Contract
Exhibit 10.2.3
EXECUTION VERSION
SECOND AMENDMENT TO LOAN FINANCING AND SERVICING AGREEMENT, dated as of November 12, 2020 (this “Amendment”), among GSO XXXXXXX STREET LLC, as borrower (the “Borrower”), GSO DIRECT LENDING FUND-D LP, as servicer (the “Servicer”), each LENDER from time to time party hereto, the AGENTS for the Lender Groups from time to time parties hereto (each such party, in such capacity, together with their respective successors and permitted assigns in such capacity, an “Agent”), DEUTSCHE BANK AG, NEW YORK BRANCH (“DBNY”), as facility agent (in such capacity, the “Facility Agent”) and U.S. BANK NATIONAL ASSOCIATION, as collateral agent and collateral custodian.
WHEREAS, the Borrower, the Servicer, the Collateral Agent, the Collateral Custodian, the Facility Agent and each Lender party thereto are party to the Loan Financing and Servicing Agreement, dated as of October 11, 2018 (as amended, supplemented, amended and restated and otherwise modified from time to time, the “Loan Agreement”); and
WHEREAS, the Borrower, the Servicer, the Facility Agent and the Lenders have agreed to amend the Loan Agreement in accordance with Section 17.2 of the Loan Agreement and subject to the terms and conditions set forth herein; and
WHEREAS, the Facility Agent hereby authorizes and directs U.S. Bank National Association in its capacity as collateral agent and collateral custodian to acknowledge this Amendment.

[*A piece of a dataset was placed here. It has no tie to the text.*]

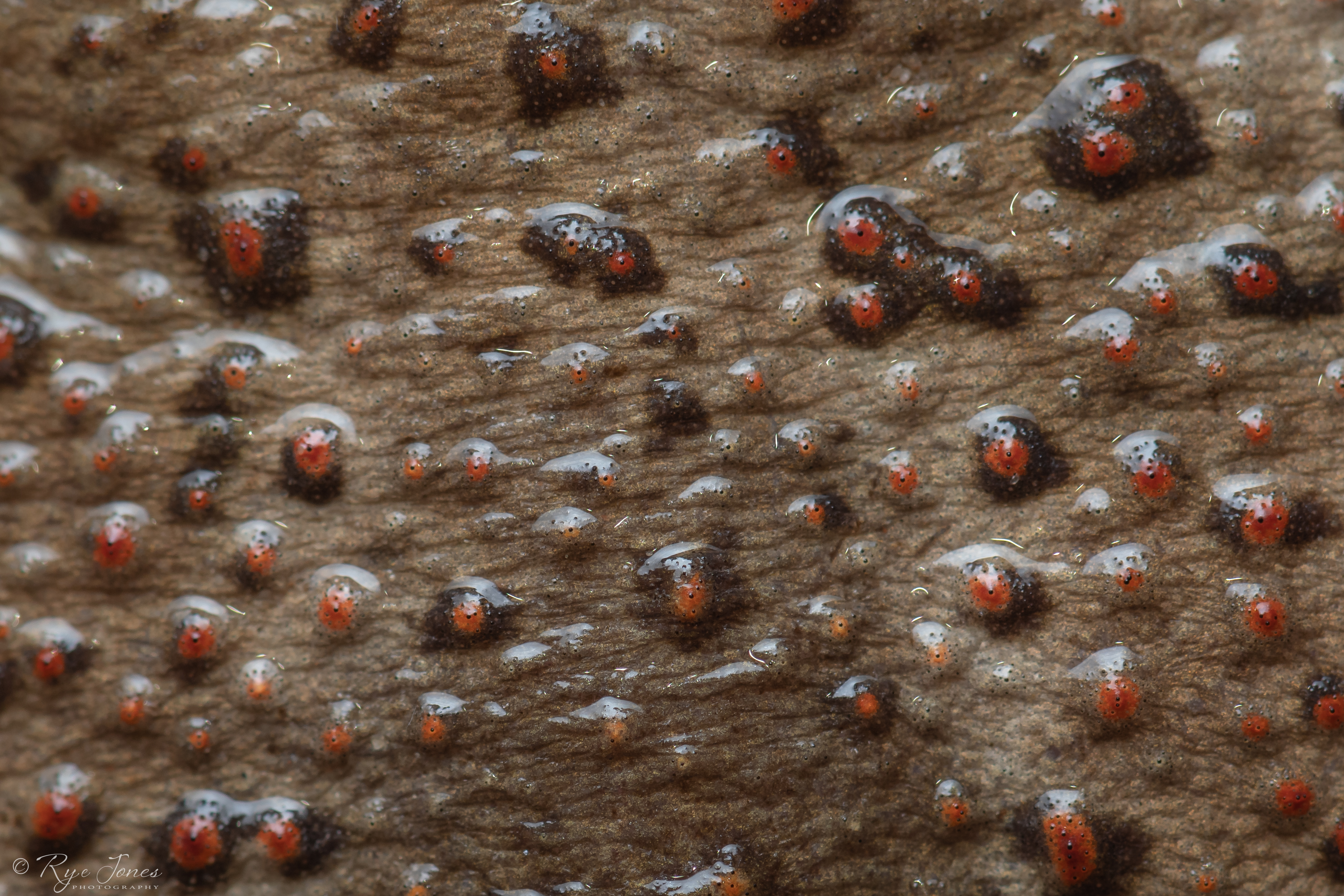 Description: Gray, cream, or tan base color. Scattered dark spots on the dorsal; several of which have orange or red centers. No boss between the eyes. The underside is white or cream-colored. The underside of each rear foot has a bony wedge-shaped spade. This species can have a peanut butter-like smell when handled.
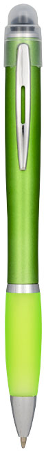 Stylo ? bille lumineux Nash avec corps color? et poign?e color?e. Stylo ? bille avec m?canisme de bouton-poussoir et grip doux au toucher. Lorsque le stylo est grav? le logo s?allume en appuyant sur le stylet. 3 piles LR41 sont incluses. Corps en plastique et accessoires.

NOW THEREFORE, in consideration of the foregoing premises and the mutual agreements contained herein, and for other good and valuable consideration, the receipt and sufficiency of which are hereby acknowledged, the parties hereto, intending to be legally bound, hereby agree as follows:
ARTICLE I
Definitions
SECTION 1.1. Defined Terms. Terms used but not defined herein have the respective meanings given to such terms in the Loan Agreement and the Sale and Contribution Agreement.
ARTICLE II
Amendments
SECTION 2.1.
Amendments to the Loan Agreement. As of the date of this Amendment, the Loan Agreement is hereby amended to delete the stricken text (indicated textually in the same manner as the following example: stricken text) and to add the bold and double-underlined text (indicated textually in the same manner as the
following example: bold and double-underlined text) as set forth on the pages of the Loan Agreement attached as
Appendix A hereto.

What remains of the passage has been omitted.